In subsequent issues, the Hulk destroys a scientist who experimented on his own son using gamma radiation to make him immortal, he gets a hole blown clear through his chest, he tangles with Walter Langowski, the Sasquatch from Alpha Flight, who’s become possessed by an undead spirit who might be either Bruce Banner’s father or the One Below All — the Devil itself — or maybe even both at the same time. He gets carved into chunks and stored — alive and aware — in big glass jars. He gets dragged down to Hell, where he spends a whole storyarc horribly emaciated. He gets his face torn off more than once, always in loving closeups. He gets overdosed on gamma radiation and turns into a tumor of Hulks. We even visit the end of time when the Hulk is the last being alive, monstrously powerful, controlled by the One Below All, a cosmic horror smashing his way through one universe after another.

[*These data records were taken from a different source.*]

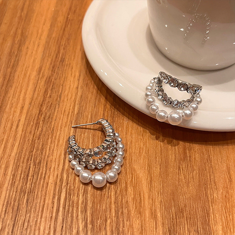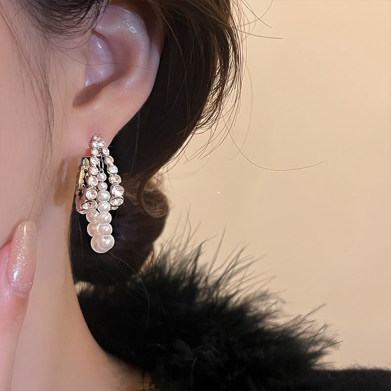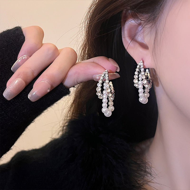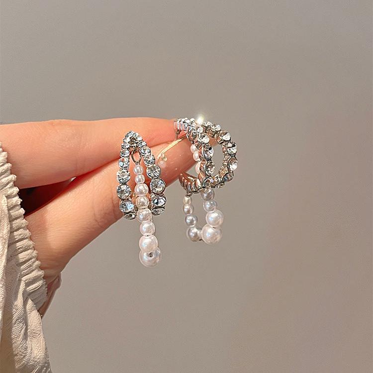 The C-shaped multi-layer zircon and pearl tassel earrings are a refined piece of jewelry that blends elegance with dynamism. The overall structure of the earrings features a graceful C-shaped curve. The C-shaped section is adorned with multiple layers of delicate zircon stones, meticulously arranged in a staggered pattern. The zircon stones are finely cut, allowing the earrings to sparkle brilliantly in the light, showcasing a dazzling visual effect.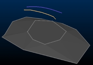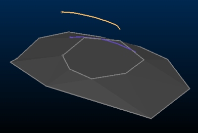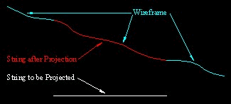 Below is an example of projecting a string to a wireframe. The flat string takes on the contours of the wireframe after projection. Thus the total segment length of the string increases after projection.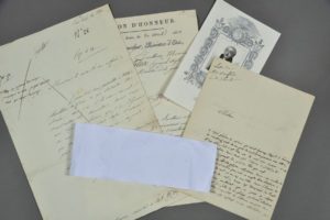 LOT-ET-GARONNE. Bernard-Germain comte de LACÉPÈDE (Agen 1756-1825), naturaliste et homme politique, grand chancelier de la légion d'honneur. Lettre autographe signée [au physicien et chimiste Jacques Charles (1746-1823)]. 2 pp. in-4. Agen, 18 janvier 1789. Lettre d'introduction de son confrère de l'Académie d'Agen, Pierre Vigué. " M. Vigué physicien de mes amis, qui réunit beaucoup d'esprit à beaucoup de connoissances, vient de me prier de vous faire parvenir une lettre et une notice, dont il est bien aise de vous faire hommage [Vigué qui avait publié un Mémoire sur la chaleur, publia en ce mois de janvier 1789 sa Théorie chimique sur les engrais]. Il n'a pas cru, monsieur, devoir donner plus d'étendue à ses idées, en les soumettant au jugement d'un physicien tel que vous. Je ne me félicite pas peu, monsieur, d'avoir une occasion de vous parler de mon admiration pour vous. Je compte être sédentaire à Paris avant peu de mois, je me fais une fête d'avoir l'honneur de vous y embrasser []. Mon état de souffrance me prive de l'avantage de vous parler plus longtemps de mon enthousiasme [] ". [Pierre Vigué (Agen ou Villeneuve-sur-Lot 1753-1832) fut membre fondateur de la Société académique d'Agen]. On joint 2 lettres signées comme grand chancelier de la légion d'honneur (1810-1813) et un portrait gravé.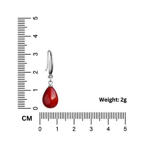 Nilu’s Collection Women’s Pearl Drop Earrings, Silver Plated Round Pearl Dangle and Drop Earrings (Pack of 2, Combo of Red-White drop color)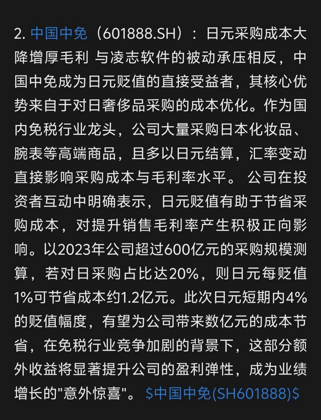 $中国中免(SH601888)$ 这个日元编制算是一个计划外的利好因素,这个中免算是搂草打兔子,顺便白赚了一笔净利。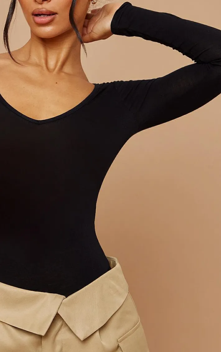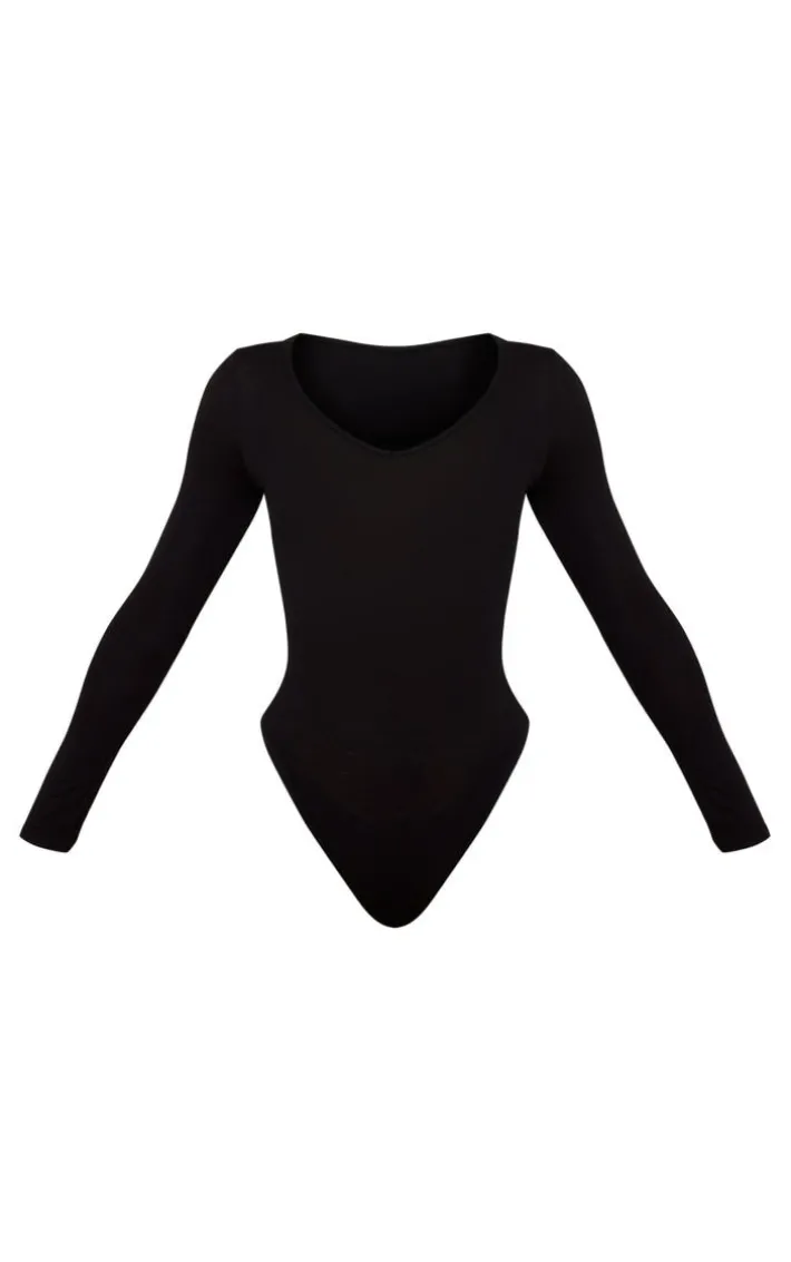 Show off your curves in this simple but chic long sleeve thong bodysuit. In soft and stretchy jersey fabric, comfortable and easy to wear. Team with high waisted jeans and dress it up with some strappy heels.

And over all of this rises the mystery of the Green Door, a magical gateway every gamma mutate sees when they die. What is its purpose? How does it work? Who controls it?

And it turns out almost anyone with powers based on gamma radiation is going through their own terrible, horrific mutation. The Absorbing Man, who can drain gamma radiation, ends up with his body split open and his skull and spine waving in the air like a serpent when he absorbs too much. Betty Ross regains the ability to turn into the Harpy, but a far more powerful, horrific version, willing and eager to kill and eat anyone who gets in her way — including the Hulk himself. And the Abomination becomes an even more dreadful monster, an acid-spitting horror with a maddening, indescribable anatomy. Rick Jones is missing, presumed dead, for quite a while before he eventually shows up and starts making his own disturbing transformations. And the Leader? No one really knows where the Leader is…

And yes, there’s horror and body horror and battles against characters who should be familiar but have become bizarre and creeptastic, but we should also acknowledge that the character work here is thoroughly excellent. It’s not just that the gamma mutates change their personalities every time they shift shape, but the other supporting characters are all well-done, too. The two most important in this series are Jackie McGee — not the antagonistic reporter from the ’70s TV show, but an African-American reporter for the Arizona Herald, who’s following the Hulk to write articles about him — and General Reginald Fortean, the commander of Shadow Base, a secret anti-Hulk military project.

Verdict: Thumbs up. The key question is this: Is the series worth reading? And the answer is: You’re damn straight it’s worth reading. It’s great to see long-form horror starring familiar superhero characters, particularly Marvel’s original Silver Age horror character. Al Ewing’s writing, stories, and dialogue are all excellent, and Joe Bennett’s art is downright revelatory. His characters are wonderfully expressive, showing every moment of fear and pain, as well as layer upon layer of rage — and the horrors he shows off are, even for those of us protected by the impenetrable barrier of the comics page, surprisingly and sometimes gut-clenchingly terrifying.

The series won’t last forever — it’s probably got about a dozen issues to go, at this writing, before it reaches Issue #50, when Ewing plans the end. But there are plenty of collected editions you can pick up right now.

Is it worth reading? If you love the Hulk, if you love horror, if you love great comics, it’s not just worth reading, it’s required reading.